Od powrotu do bazy w pierwszych dniach stycznia, większość uczestników wyprawy na K2 pozostaje w bazie. Zarówno ekipa Seven Summit Treks, do której należy Magdalena Gorzkowska, jak i zespół byłego komandosa Nirmala „Nimsa” Purji.

Reklama

Ale myli się ten, kto myśli, że pozostający w bazie pod K2 himalaiści patrzą tylko z niepokojem w niebo i załamują ręce. Nims na Instagramie dzieli się z internautami scenami z obozowego życia. Na zamieszczanych przez niego zdjęciach i krótkich nagraniach można zobaczyć, że mimo kiepskiej pogody i niezbyt optymistycznych prognoz na najbliższe dni, członkowie ekip są w dobrym humorze i nie tracą ducha.

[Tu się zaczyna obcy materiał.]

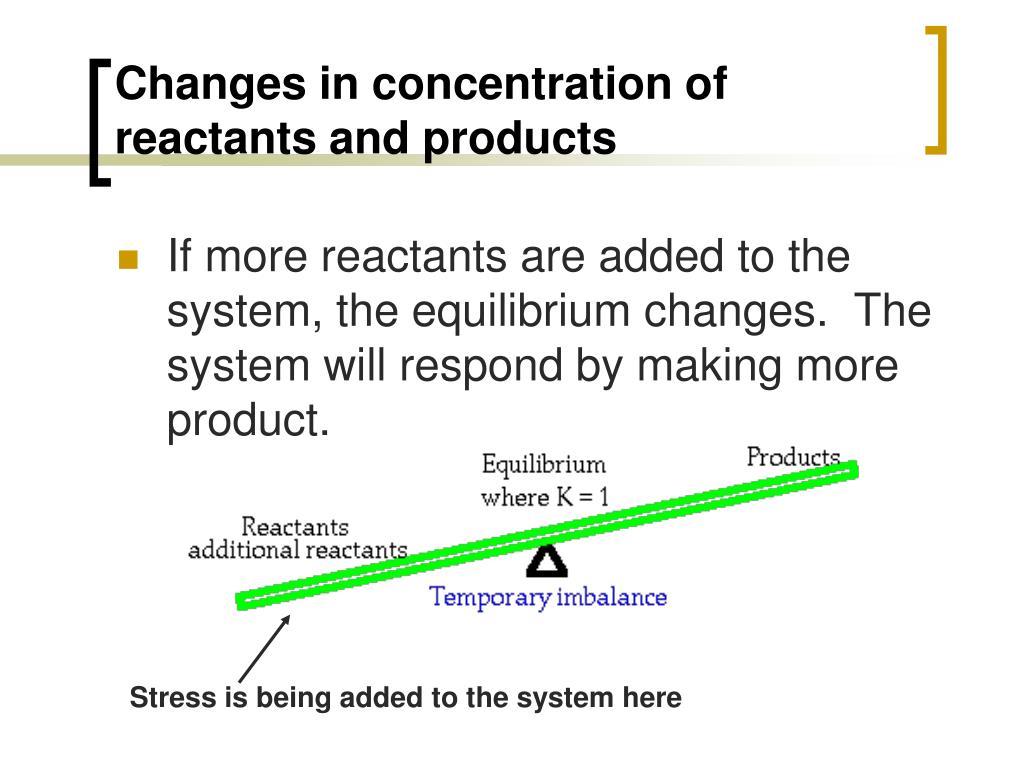 Changes in concentration of reactants and products • If more reactants are added to the system, the equilibrium changes. The system will respond by making more product. Stress is being added to the system here

Ostatnio Nims opublikował nawet wideo z akcji ratunkowej obozowego wychodka. Silny wiatr wiejący pod K2 porwał namiot służący wspinaczom jako toaleta. Na nagraniu widać, jak dwaj mężczyźni próbują utrzymać namiot przed dalszym „porwaniem”, a kolejny toczy ogromny głaz, który najpewniej posłuży jako kotwica.

Fot. Instagram/nimsdai

Inny klip pokazuje wnętrze kuchennego namiotu, gdzie Nims pomaga przy przygotowaniu posiłku. Nie brakuje też wspólnych śpiewów i gry w jengę – do której zaproszony został himalaista z innego zespołu.

Fot. Instagram/nimsdai

Mimo całej wesołości, wspinacze nie zapominają, co jest ich celem, a także jak trudny może on być do osiągnięcia. Wystarczy spojrzeć na nagrania z bazy, aby zobaczyć ogromną siłę wiatru. Do tego dochodzą temperatury nawet do -40 stopni Celsjusza.

„Cierpliwość jest kluczem! Atakuj tylko wtedy, gdy wiesz, że możesz wygrać bitwę. Przygotowanie mentalne jest tak samo ważne, jak przygotowanie fizyczne. Ja i mój zespół cierpliwie czekamy w obozie bazowym na odpowiednią pogodę na dalsze postępy we wspinaczce” - napisał Nims w ostatnim poście.

Purja, który ze względu na swoje wcześniejsze dokonania przez wielu jest uznawany za faworyta w wyścigu po zimowe K2, podkreśla, że chce zdobyć szczyt, aby uhonorować całą społeczność Szerpów.

„Obiecuję, że najtrudniejszy, ostatni i najwspanialszy wyczyn alpinistyczny #k2winter będzie należeć do wspólnoty wspinaczkowej Nepalu. (…) Nie opuszczę obozu bazowego dopóki misja nie zostanie zakończona. Sprawiedliwość stanie się zadość” - napisał w mediach społecznościowych podkreślając zasługi Szerpów dla historii himalaizmu.

Reklama

5 grudnia po tradycyjnej ceremonii Puja poświęconej bogowi gór, Nims zapowiedział, że on i jego zespół podejmą wspinaczkę przy pierwszym oknie pogodowym. Prognozy z końca grudnia mówiły, że takie okno może pojawić się po 13 stycznia.